When ever this happens for the first time I remember the words I heard Taylor Mali speak at Learning Forwards Annual conference in 2010.  He blew me away with this one and I have never forgotten.  So today to honour kids, snow and learning everywhere I picked up the P.A. handheld and read Undivided Attention to the entire school with no intro or warning.  I share it with you here.  Enjoy.

Undivided Attention
by Taylor Mali

A grand piano wrapped in quilted pads by movers,
tied up with canvas straps—like classical music’s
birthday gift to the criminally insane—
is gently nudged without its legs
out an eighth‐floor window on 62nd street.

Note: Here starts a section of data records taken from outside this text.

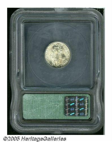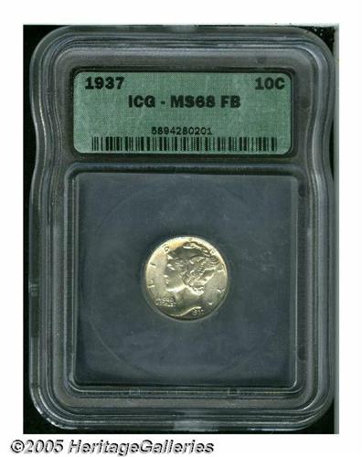 <B>1937<10C> MS68 Full Bands ICG.</B></I> Just the slightest hints of light tan color are noted on this otherwise brilliant Mercury dime that exhibits fully-lustrous, mark-free surfaces. Despite the "Full Bands" designation on the ICG holder, the middle bands, while almost completely split, are not fully rounded. The prospective bidder should personally inspect this coin.
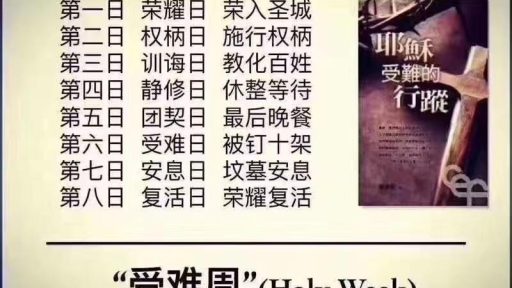 我们知道,基督教会有一个美好的传统,就是在复活节前一周,就是受难周,默想主基督的救恩,按照主基督从荣入圣城的那一天开始,到上十字架、受死、复活,总共8天,每天一个主题,帮助圣徒更清晰地看见救主基督。 这八天分别是: 第一日 荣耀日(周日) 第二日 权柄日(周一) 第三日 训诲日(周二) 第四日 安静日(周三) 第五日 团契日(周四) 第六日 受难日(周五) 第七日 安息日(周六) 第八日 复活日(周日)   这个总计8天受难周的默想,在近两千年的教会历史中,激励了亿亿万万的基督徒,定睛我们的救主,更认识福…
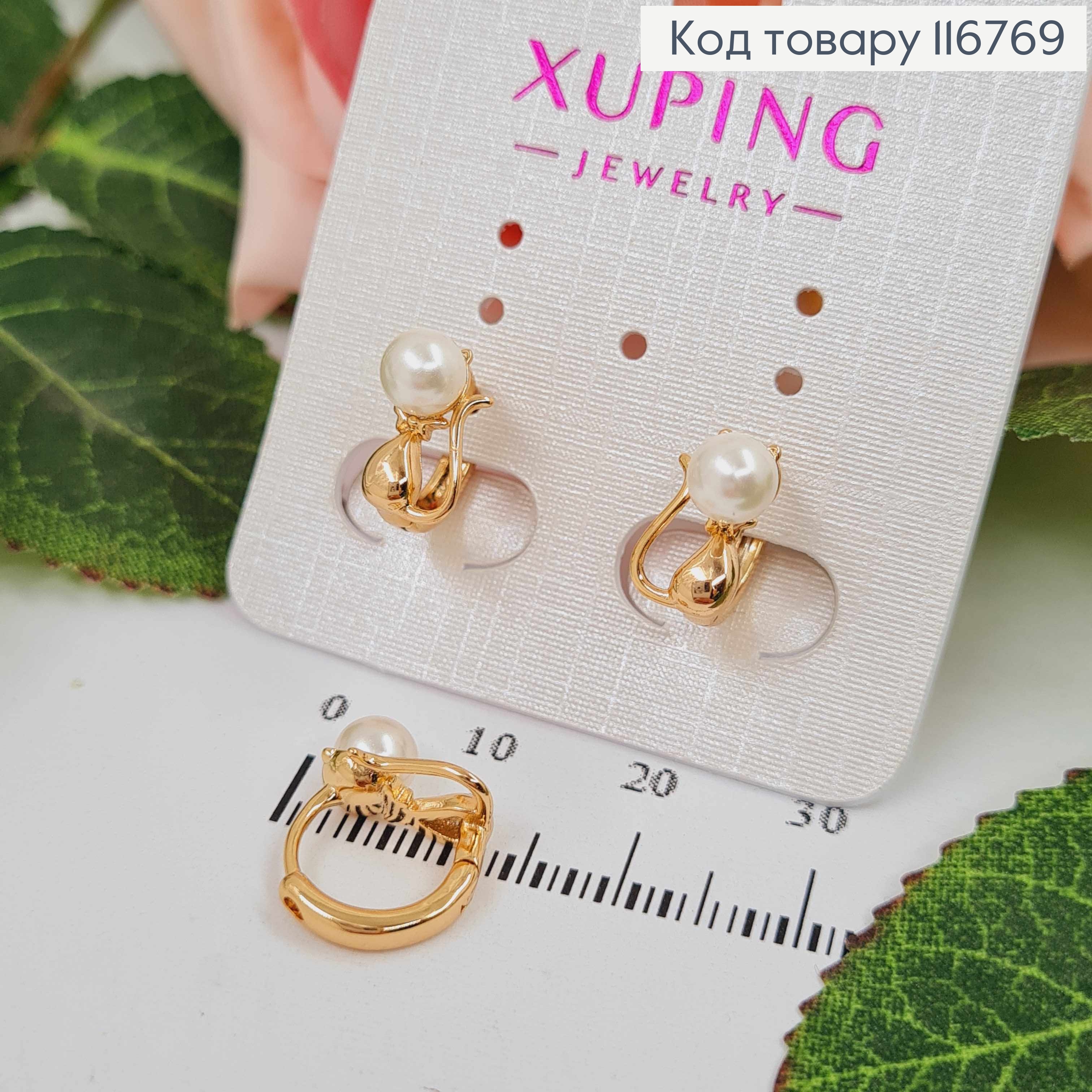 Серьги кольца 1см, Котенок с жемчужиной, 1см, Xuping 18K

It dangles in April air from the neck of the movers’ crane,
Chopin-­‐shiny black lacquer squares
and dirty white crisscross patterns hanging like the second‐to­‐last
note of a concerto played on the edge of the seat,
the edge of tears, the edge of eight stories up going over—
it’s a piano being pushed out of a window
and lowered down onto a flatbed truck!—and
I’m trying to teach math in the building across the street.

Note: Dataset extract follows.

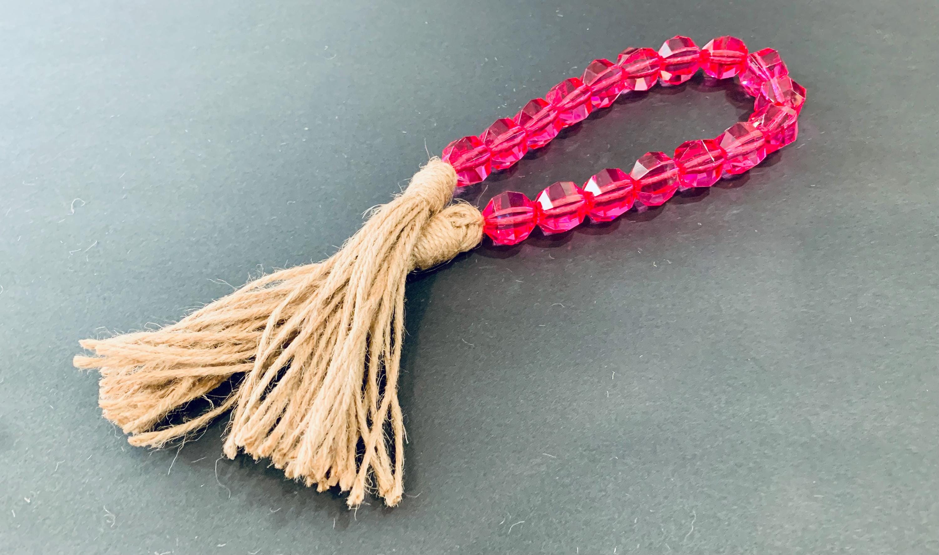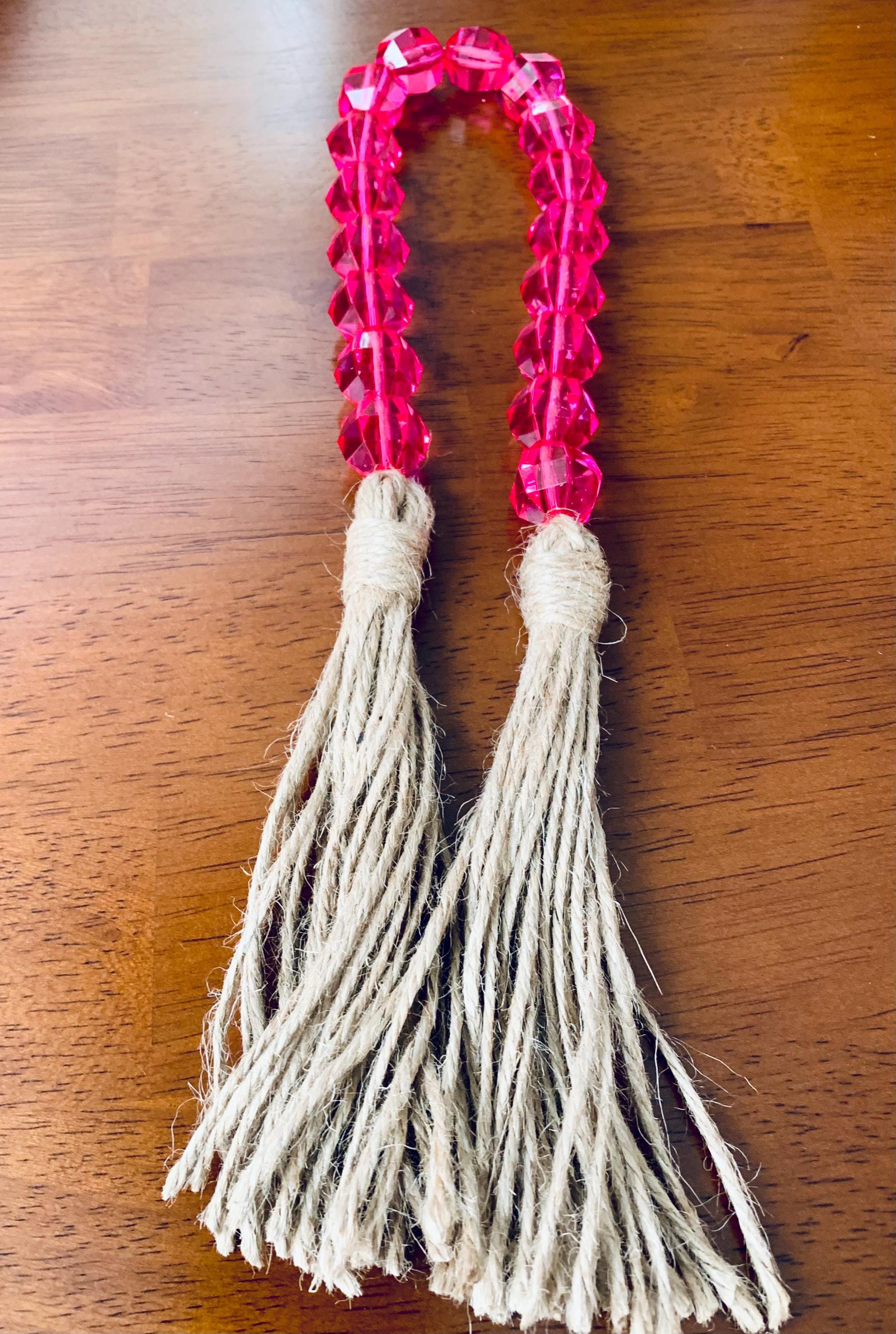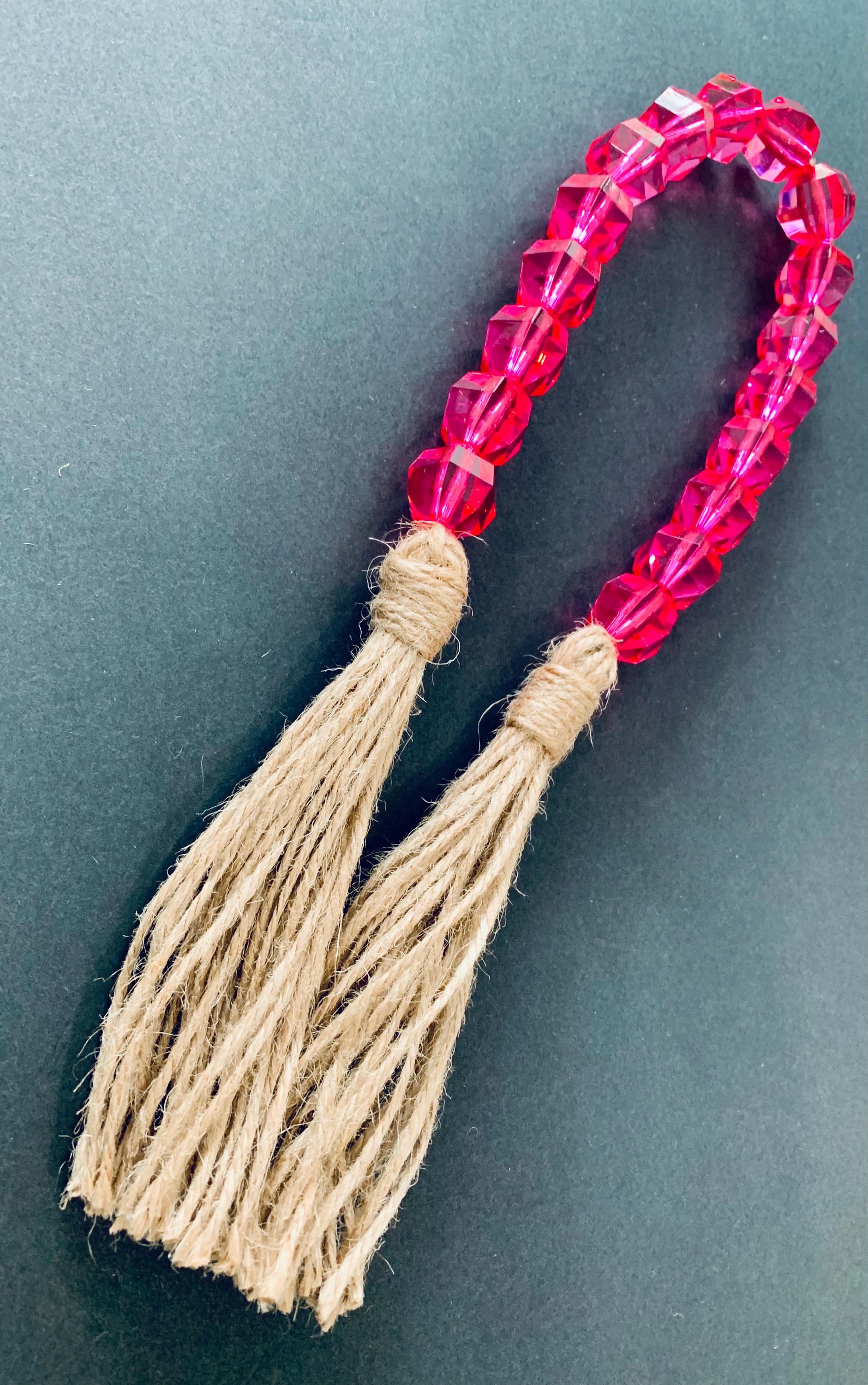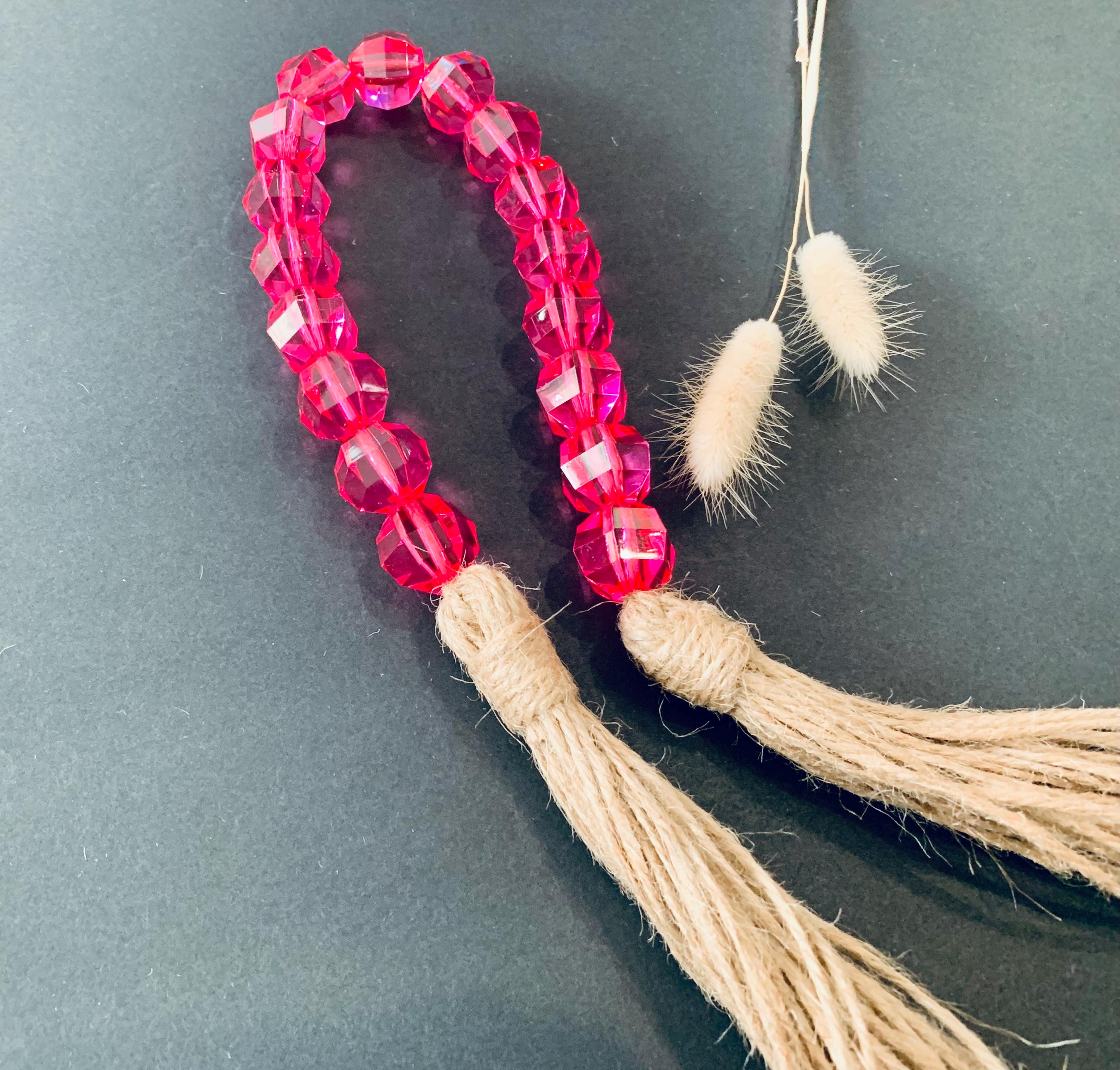 - The beads are pink in color with jute tassels

Who can teach when there are such lessons to be learned?
All the greatest common factors are delivered by
long‐necked cranes and flatbed trucks
or come through everything, even air.
Like snow.

See, snow falls for the first time every year, and every year
my students rush to the window
as if snow were more interesting than math,
which, of course, it is.

So please.

Let me teach like a Steinway,
spinning slowly in April air,
so almost-­‐falling, so hinderingly
dangling from the neck of the movers’ crane.
So on the edge of losing everything.

Let me teach like the first snow, falling.

Mali. Taylor. “Undivided Attention.” What Learning Leaves. Newtown, CT: Hanover Press, 2002. Print. (ISBN: 1-­‐887012-­‐17-­‐6)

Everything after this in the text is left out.